This is an abbreviated book review of historian Jacques Barzun’s seminal 1959 critique of American culture, The House of Intellect*. However, I shall begin instead by citing one of my favorite movie scenes, from Lewis Gilbert’s 1983 film, “Educating Rita,” for it will help to amplify one of Barzun’s many concerns.
Rita, a “lower class,” ambitious hairdresser (presumably of playwright Willy Russell’s Liverpool), feeling that she is suffocating in her station and wants a “better song to sing,” enrolls in Britain’s Open University to satisfy a hunger to broaden her mind and horizons. She is assigned a literature professor, Frank Bryant, who has lost his zest for life and for his subject, and is drinking himself down the drain. Rita is asked to answer in essay form the question of how best to stage Henrik Ibsen’s play, Peer Gynt. She turns in a paper in which she says, simply, “Do it on the radio.” (Watch the scene here, between minutes 5:55 and 8:44.)
Bryant mildly upbraids her for her unintentional “flip” brevity, which, while it conveys the right answer, doesn’t begin to explain why and so wouldn’t be good enough for her to pass an exam. Rita replies that she wanted to “encapsulate” her answer in one line. But she repairs to a desk in Bryant’s office to write out her explanation, which she initially didn’t think needed elaboration or explication. Her rewrite reveals to Bryant that she has read up on Ibsen and is deadly earnest about her ambition. She writes:
In attempting to resolve the staging difficulties of a production of Ibsen’s Peer Gynt, I would present it on the radio, because, as Ibsen himself said, he wrote it as a play for voices, never intending it to go on in a theater. If they had had the radio in his day, that is where he would have done it.
This explanation pleases Bryant. He smiles and nods to Rita in acknowledgement.
Jacques Barzun (1907-2012), originally a French citizen, was a prolific historian and cultural critic who came to the U.S. in 1919 to join his father who was on a diplomatic mission and became a U.S. citizen in 1933. I discovered Barzun and his House of Intellect in an antiquarian bookshop in Palo Alto. What I enjoyed most about Barzun in that book and in his later works was the breadth of his knowledge and his way of approaching his subjects.
Barzun died in 2012 at the age of 104 years. He witnessed much of the 20th century and a preview of the 21st, which must have dismayed him. The London Telegraph began its October 26th, 2012 obituary of him:
The sheer scope of his knowledge was extraordinary. Barzun’s eye roamed over the full spectrum of Western music, art, literature and philosophy. A champion of the liberal arts tradition in higher education, he deplored what he called the “gangrene of specialism”.
Barzun’s intellectual ancestors were Gibbon, Burkhardt and Macaulay. The work of history, he declared, should include “the range and wildness of individuality, the pivotal force of trifles, the manifestations of greatness, the failure of unquestioned talent”.

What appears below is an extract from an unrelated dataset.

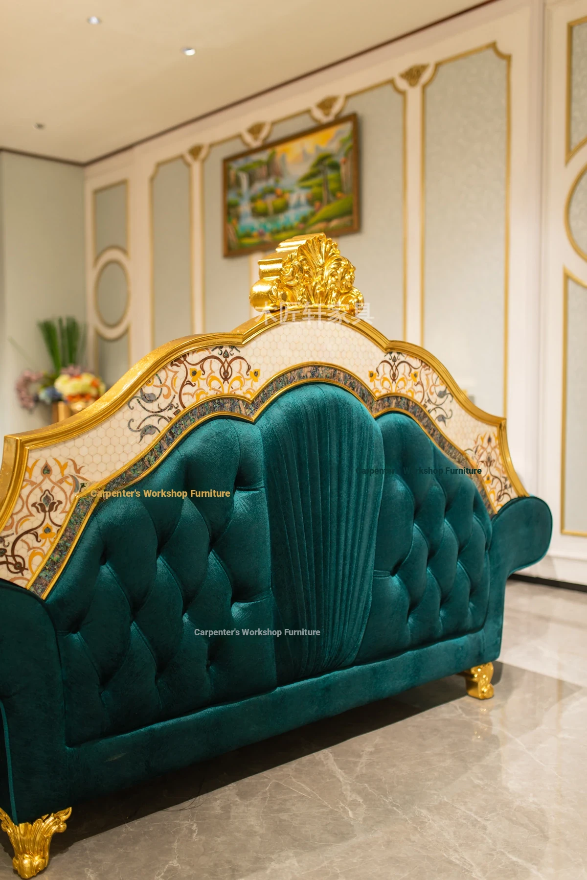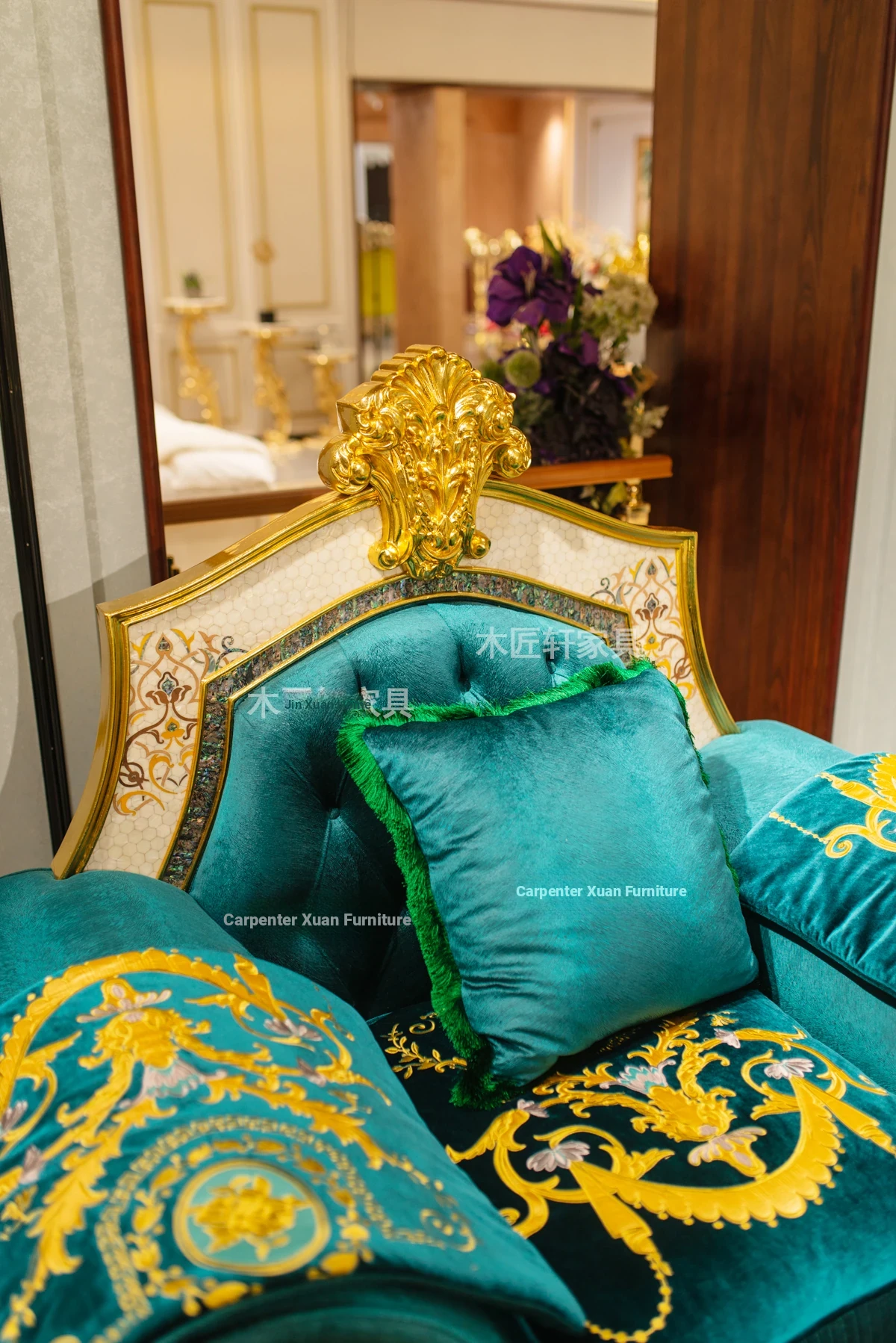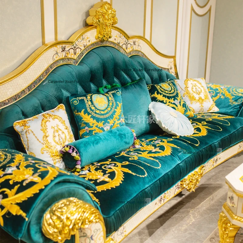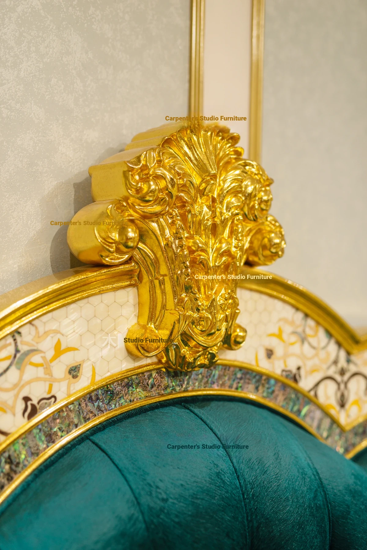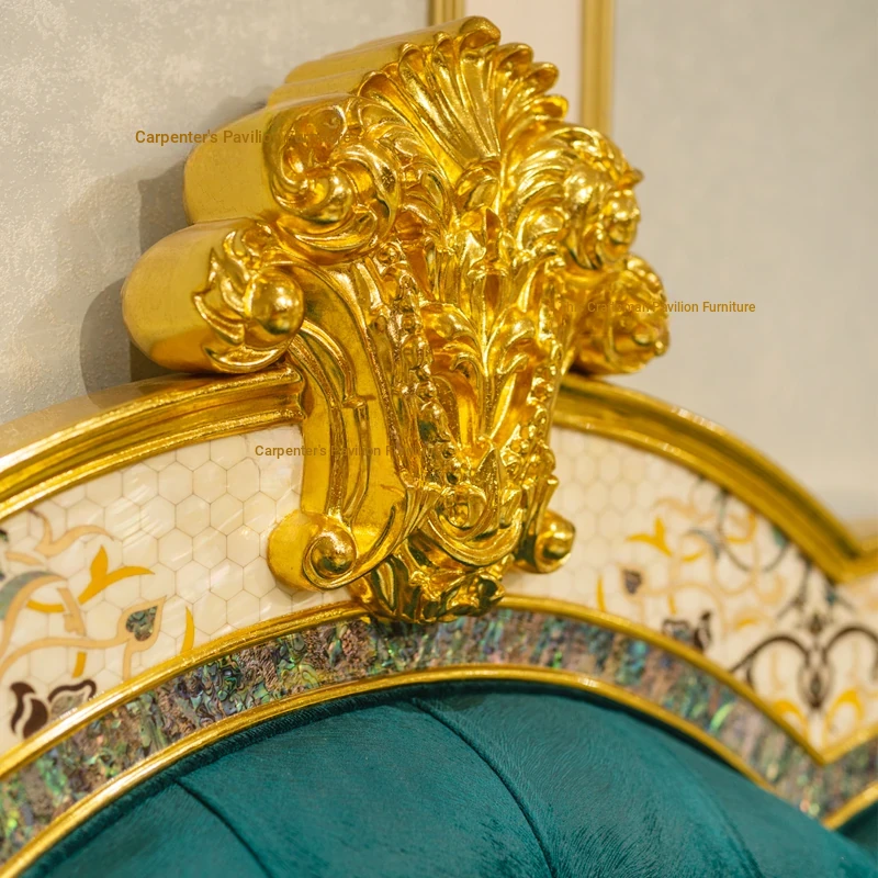 French Court Shell Mosaic Sofa - Luxurious European Solid Wood Furniture with Vintage Style for High-End Villas, Featuring Elegant Gold Foil Upholstery.

http://ruleofreason.blogspot.com/2013/12/rita-discovers-house-of-intellect.html
The traditional purpose of the university — the teaching of the knowledge of the past — was, he insisted, increasingly under threat; and in a speech in the United States in 1963 he warned that “the best colleges today are being invaded, not to say dispossessed, by the advance agents of the professions, by men who want to seize upon the young recruit … and train him in a ‘tangible skill’.”